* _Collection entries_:
########################################
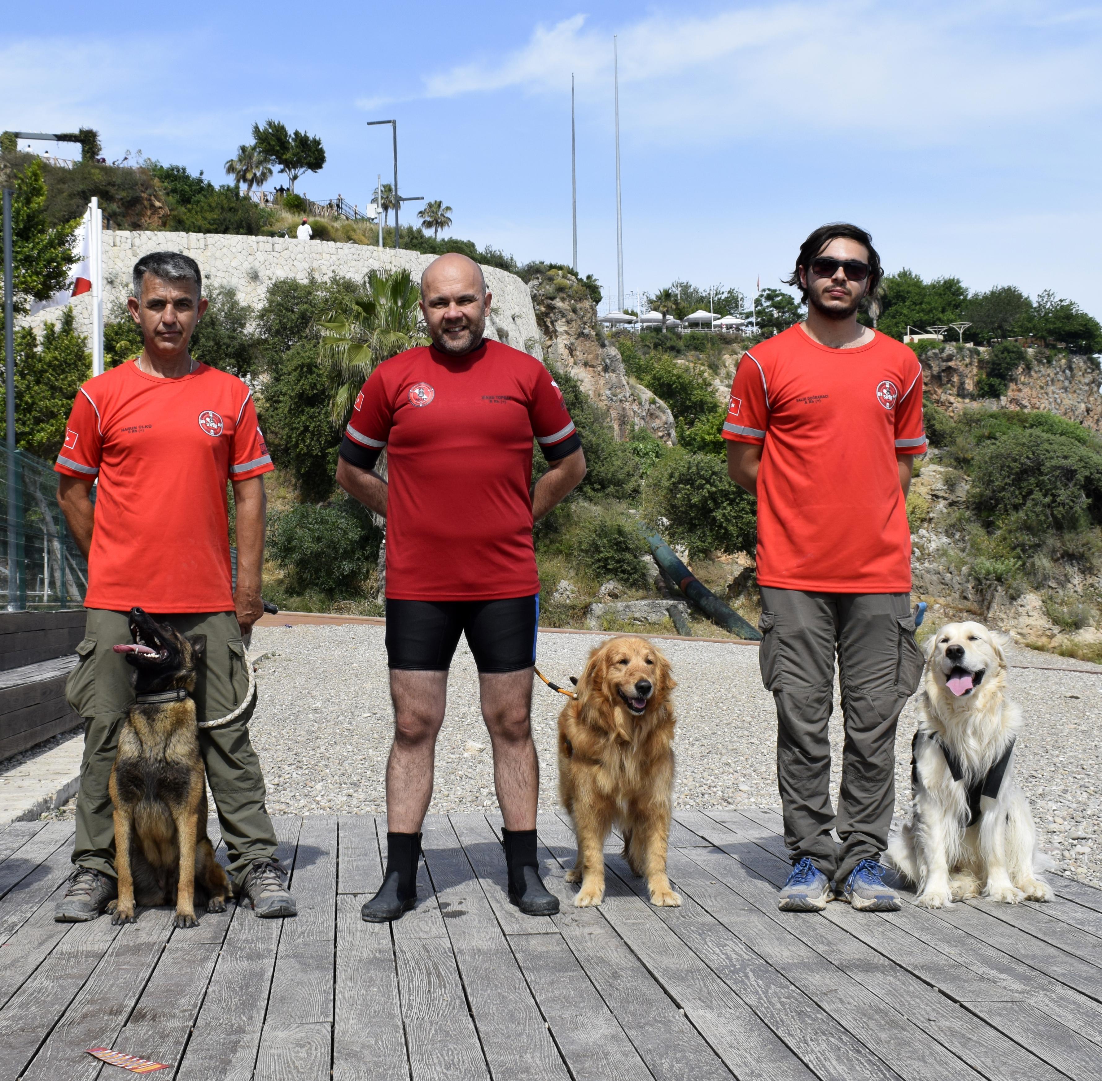 Aysu DURSUN/ANTALYA, (DHA)- ANTALYA'da Suda Arama Kurtarma Derneği (SKUT) bünyesinde görev yapan Zeyna, Tina ve Bulut isimli arama kurtarma köpekleri, suda, doğada ve kentsel aramalarda görev almak üzere eğitiliyor.
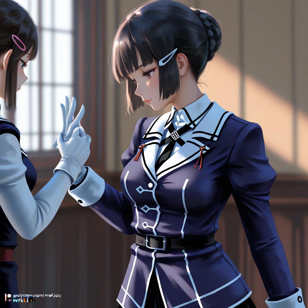 Myoukou kai ni (kancolle), kantai collection, 1girl, brown eyes, single hair bun, black hair, long hair, brown hair, braided bun, hairclip, medium breasts, military uniform, white gloves, military uniform, long sleeves, by artist wlop, illustrious
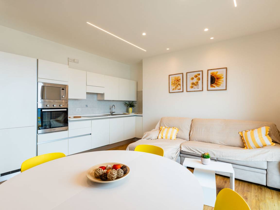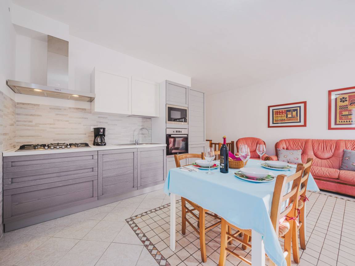 "Ginestra", 3-Zimmer-Wohnung 75 m², im Erdgeschoss. Modern und geschmackvoll eingerichtet: Wohn-/Esszimmer mit 1 Diwanbett (140 cm, Länge 200 cm), TV. Ausgang zum Balkon. 1 Doppelzimmer. 1 Doppelzimmer. Wohnküche (Backofen, Geschirrspüler, 4 Induktionskochplatten, Toaster, Wasserkocher, Mikrowelle, elektrische Kaffeemaschine). Ausgang zum Balkon. Dusche/Bidet/WC. 11.
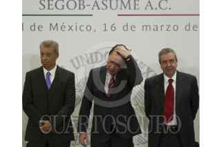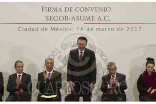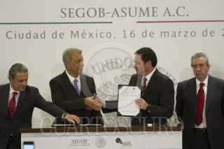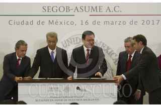 CIUDAD DE MÉXICO, 16MARZO2017.- Miguel Ángel Osorio Chong, secretario de Gobernación, encabezó la firma de convenio entre la Segob y la organización ASUME, en el marco del programa Somos Mexicanos, el cual promueve las ofertas laborales para los mexicanos que son deportadas de Estados Unidos. FOTO: MOISÉS PABLO /CUARTOSCURO.COM
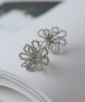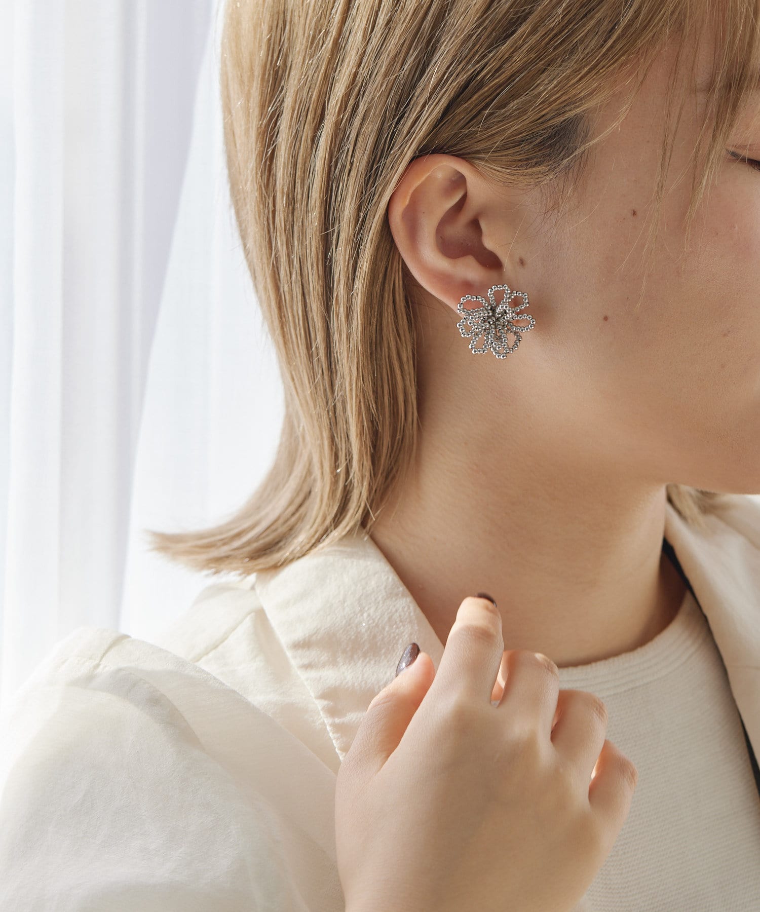 メタルビーズを繊細に編み込んだ、フラワーモチーフのピアス
########################################
All of the entries, apart from the pictures, must be returned exactly.

* _Task result_:
 Aysu DURSUN/ANTALYA, (DHA)- ANTALYA'da Suda Arama Kurtarma Derneği (SKUT) bünyesinde görev yapan Zeyna, Tina ve Bulut isimli arama kurtarma köpekleri, suda, doğada ve kentsel aramalarda görev almak üzere eğitiliyor.
 Myoukou kai ni (kancolle), kantai collection, 1girl, brown eyes, single hair bun, black hair, long hair, brown hair, braided bun, hairclip, medium breasts, military uniform, white gloves, military uniform, long sleeves, by artist wlop, illustrious
 "Ginestra", 3-Zimmer-Wohnung 75 m², im Erdgeschoss. Modern und geschmackvoll eingerichtet: Wohn-/Esszimmer mit 1 Diwanbett (140 cm, Länge 200 cm), TV. Ausgang zum Balkon. 1 Doppelzimmer. 1 Doppelzimmer. Wohnküche (Backofen, Geschirrspüler, 4 Induktionskochplatten, Toaster, Wasserkocher, Mikrowelle, elektrische Kaffeemaschine). Ausgang zum Balkon. Dusche/Bidet/WC. 11.
 CIUDAD DE MÉXICO, 16MARZO2017.- Miguel Ángel Osorio Chong, secretario de Gobernación, encabezó la firma de convenio entre la Segob y la organización ASUME, en el marco del programa Somos Mexicanos, el cual promueve las ofertas laborales para los mexicanos que son deportadas de Estados Unidos. FOTO: MOISÉS PABLO /CUARTOSCURO.COM
 メタルビーズを繊細に編み込んだ、フラワーモチーフのピアス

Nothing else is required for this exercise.